▸ WHAT YOU NEED TO DO:
For the entries that follow, retype exactly the lines from the one containing "Black Studded Pointed" to the one containing "1. Rassemblez les", inclusive, and only those. Images stay out of the copy.

▸ Stored items:
-*-*-

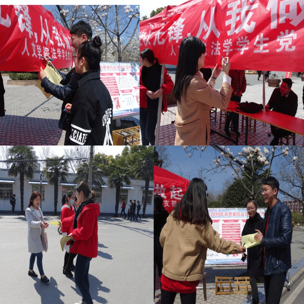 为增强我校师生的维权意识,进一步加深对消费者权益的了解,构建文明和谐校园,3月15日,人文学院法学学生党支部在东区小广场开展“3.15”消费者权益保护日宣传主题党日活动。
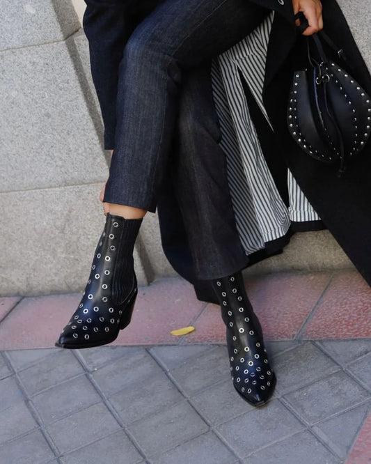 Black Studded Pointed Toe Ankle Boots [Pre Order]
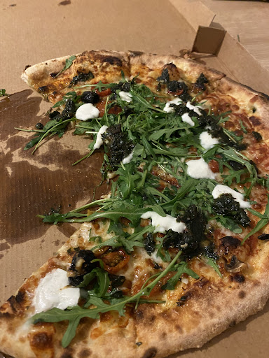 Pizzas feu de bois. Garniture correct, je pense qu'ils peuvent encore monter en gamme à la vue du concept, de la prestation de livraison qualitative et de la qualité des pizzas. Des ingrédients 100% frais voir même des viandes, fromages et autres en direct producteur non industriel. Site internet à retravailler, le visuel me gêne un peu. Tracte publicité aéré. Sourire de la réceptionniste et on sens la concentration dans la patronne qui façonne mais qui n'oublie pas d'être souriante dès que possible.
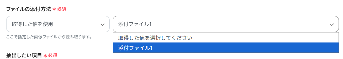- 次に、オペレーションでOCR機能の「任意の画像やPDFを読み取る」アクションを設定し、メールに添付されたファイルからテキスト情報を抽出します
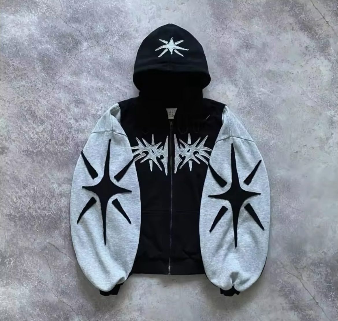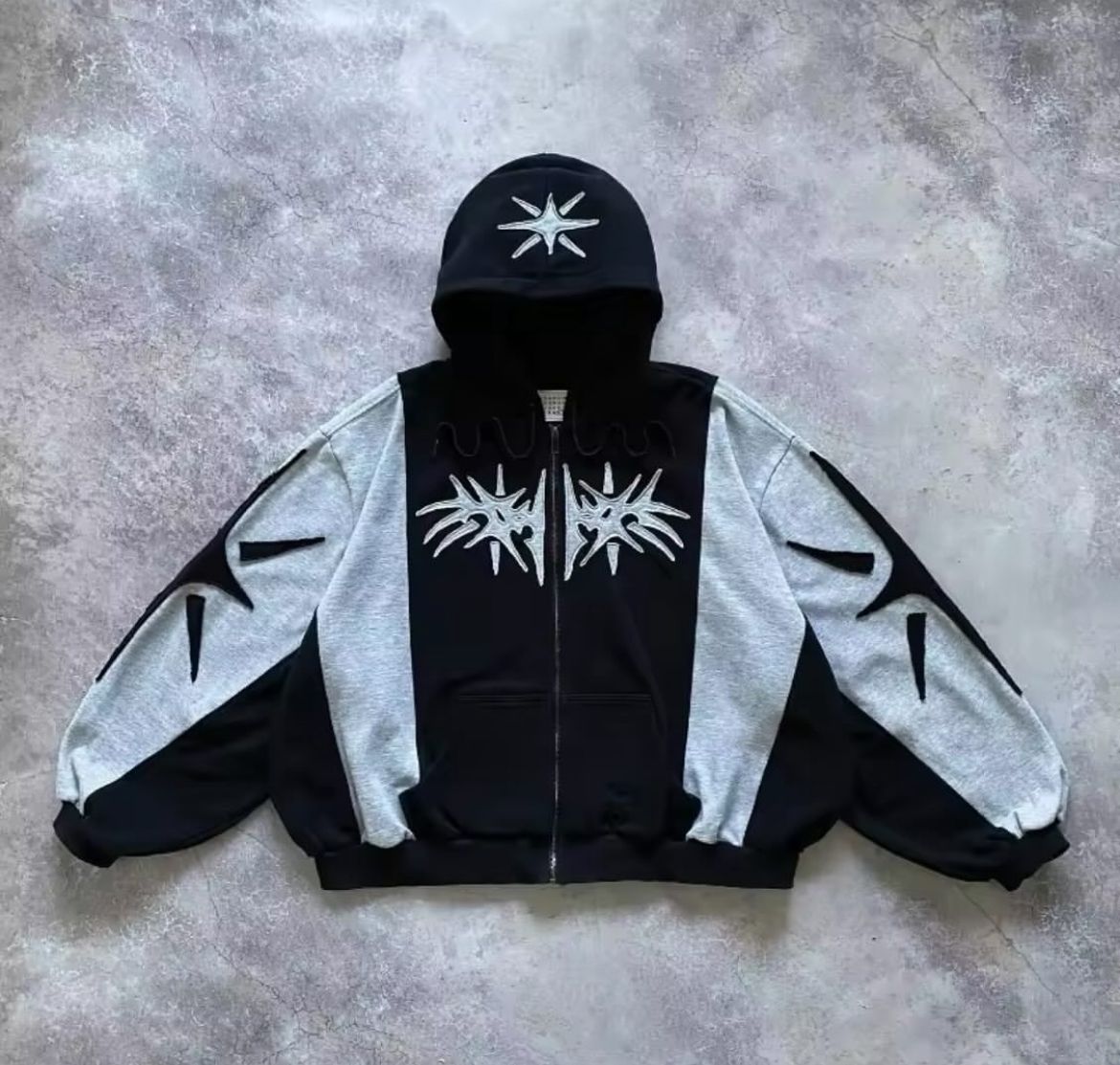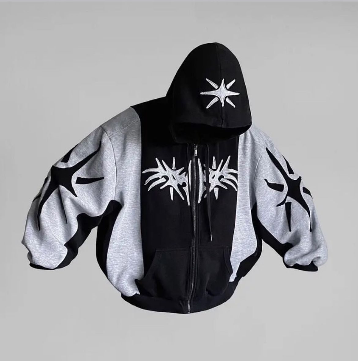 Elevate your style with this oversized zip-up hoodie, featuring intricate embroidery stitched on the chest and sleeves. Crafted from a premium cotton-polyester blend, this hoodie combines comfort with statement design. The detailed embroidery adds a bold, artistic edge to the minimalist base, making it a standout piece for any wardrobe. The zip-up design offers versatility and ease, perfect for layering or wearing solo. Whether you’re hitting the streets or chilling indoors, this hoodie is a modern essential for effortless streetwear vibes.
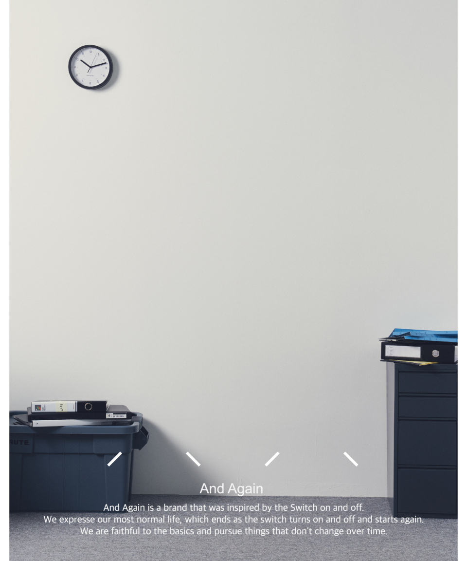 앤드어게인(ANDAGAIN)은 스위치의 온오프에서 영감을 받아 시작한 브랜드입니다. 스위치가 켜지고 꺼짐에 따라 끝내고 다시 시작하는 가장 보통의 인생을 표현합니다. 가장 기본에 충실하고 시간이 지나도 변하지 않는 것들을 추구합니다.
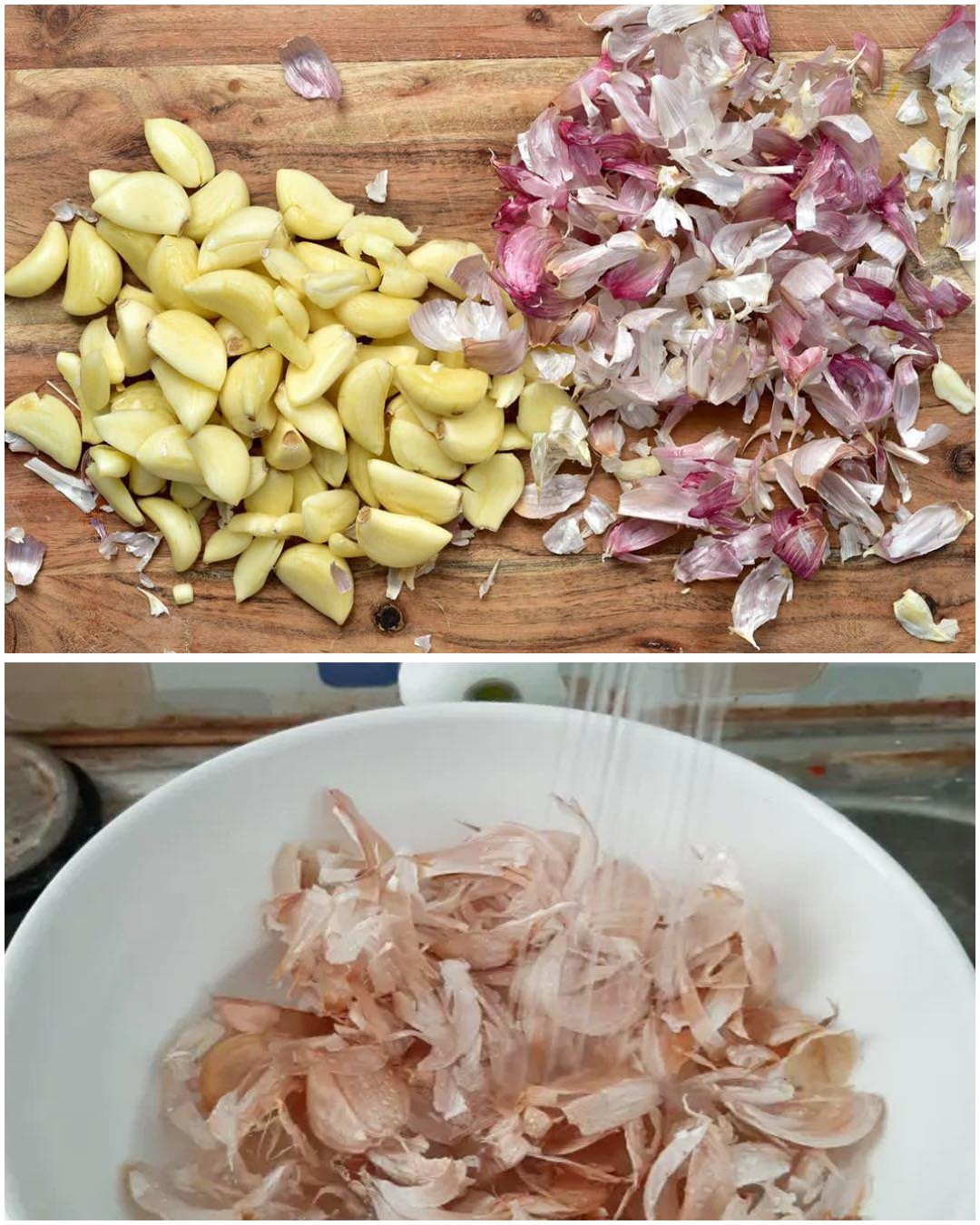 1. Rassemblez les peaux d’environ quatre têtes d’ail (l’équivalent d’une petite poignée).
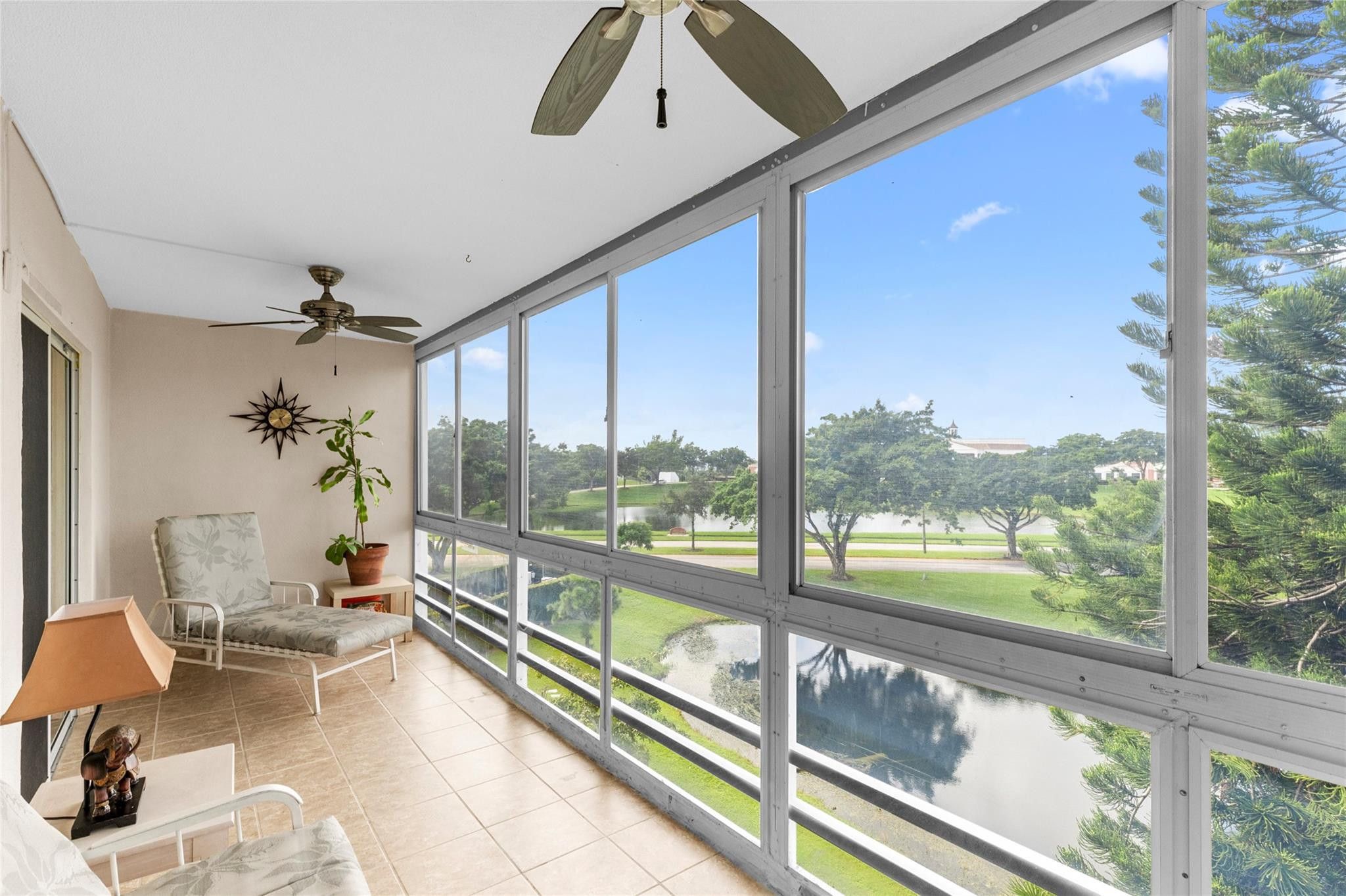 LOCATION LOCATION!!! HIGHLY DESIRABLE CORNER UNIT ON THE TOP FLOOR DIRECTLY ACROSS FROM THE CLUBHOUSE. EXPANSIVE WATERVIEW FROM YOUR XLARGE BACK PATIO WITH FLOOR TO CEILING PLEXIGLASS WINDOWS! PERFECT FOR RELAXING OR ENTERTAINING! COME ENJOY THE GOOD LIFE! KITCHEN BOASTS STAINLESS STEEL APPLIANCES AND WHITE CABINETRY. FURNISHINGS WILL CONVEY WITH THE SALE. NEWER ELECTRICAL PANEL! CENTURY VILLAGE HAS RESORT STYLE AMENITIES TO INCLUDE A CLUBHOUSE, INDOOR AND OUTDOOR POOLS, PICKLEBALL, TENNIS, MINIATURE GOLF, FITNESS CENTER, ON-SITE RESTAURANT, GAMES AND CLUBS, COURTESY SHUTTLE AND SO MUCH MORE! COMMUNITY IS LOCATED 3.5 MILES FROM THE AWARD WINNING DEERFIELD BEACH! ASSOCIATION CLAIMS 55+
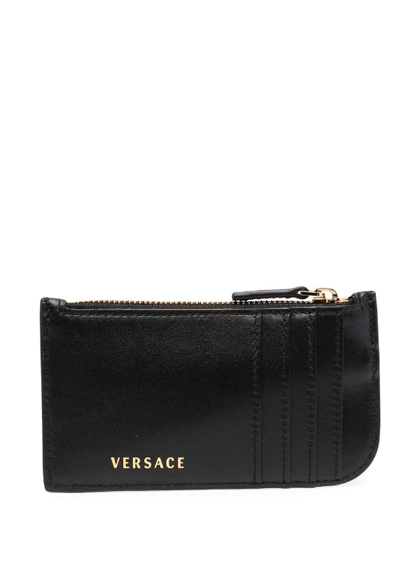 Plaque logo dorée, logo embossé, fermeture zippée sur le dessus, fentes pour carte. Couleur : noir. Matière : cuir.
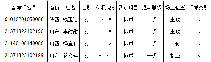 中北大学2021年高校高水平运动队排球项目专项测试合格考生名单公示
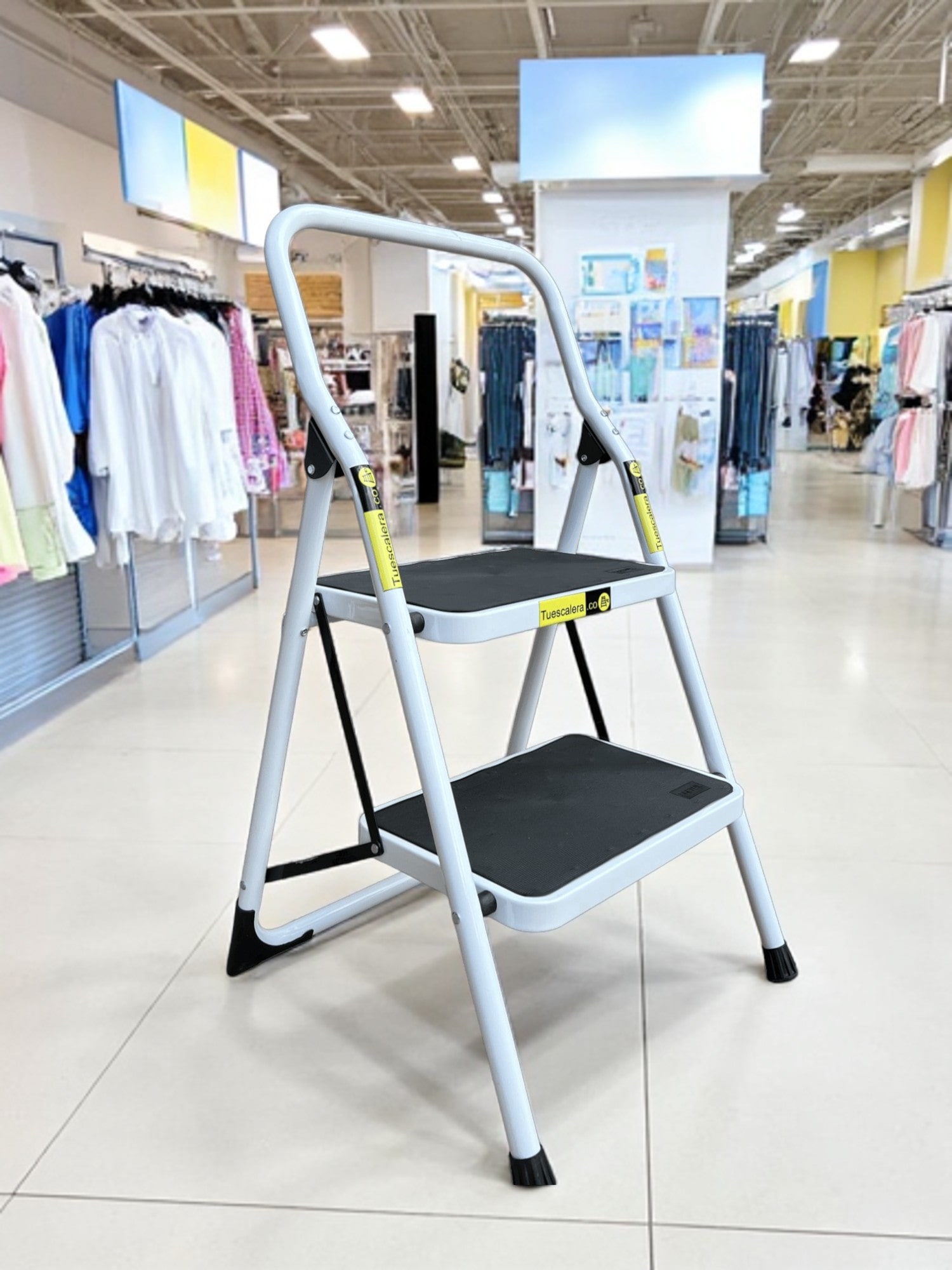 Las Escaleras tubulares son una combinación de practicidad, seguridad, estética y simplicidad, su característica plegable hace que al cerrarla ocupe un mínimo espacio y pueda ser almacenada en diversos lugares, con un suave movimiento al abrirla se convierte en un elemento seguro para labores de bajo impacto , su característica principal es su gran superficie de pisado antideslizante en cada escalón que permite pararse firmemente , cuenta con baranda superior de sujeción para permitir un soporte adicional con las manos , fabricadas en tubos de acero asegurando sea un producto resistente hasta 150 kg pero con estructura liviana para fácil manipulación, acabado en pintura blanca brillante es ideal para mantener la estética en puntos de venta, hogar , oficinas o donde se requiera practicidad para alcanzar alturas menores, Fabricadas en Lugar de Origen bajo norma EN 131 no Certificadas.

-*-*-

▸ THE COMPLETED TASK:
 Black Studded Pointed Toe Ankle Boots [Pre Order]
 Pizzas feu de bois. Garniture correct, je pense qu'ils peuvent encore monter en gamme à la vue du concept, de la prestation de livraison qualitative et de la qualité des pizzas. Des ingrédients 100% frais voir même des viandes, fromages et autres en direct producteur non industriel. Site internet à retravailler, le visuel me gêne un peu. Tracte publicité aéré. Sourire de la réceptionniste et on sens la concentration dans la patronne qui façonne mais qui n'oublie pas d'être souriante dès que possible.
- 次に、オペレーションでOCR機能の「任意の画像やPDFを読み取る」アクションを設定し、メールに添付されたファイルからテキスト情報を抽出します
 Elevate your style with this oversized zip-up hoodie, featuring intricate embroidery stitched on the chest and sleeves. Crafted from a premium cotton-polyester blend, this hoodie combines comfort with statement design. The detailed embroidery adds a bold, artistic edge to the minimalist base, making it a standout piece for any wardrobe. The zip-up design offers versatility and ease, perfect for layering or wearing solo. Whether you’re hitting the streets or chilling indoors, this hoodie is a modern essential for effortless streetwear vibes.
 앤드어게인(ANDAGAIN)은 스위치의 온오프에서 영감을 받아 시작한 브랜드입니다. 스위치가 켜지고 꺼짐에 따라 끝내고 다시 시작하는 가장 보통의 인생을 표현합니다. 가장 기본에 충실하고 시간이 지나도 변하지 않는 것들을 추구합니다.
 1. Rassemblez les peaux d’environ quatre têtes d’ail (l’équivalent d’une petite poignée).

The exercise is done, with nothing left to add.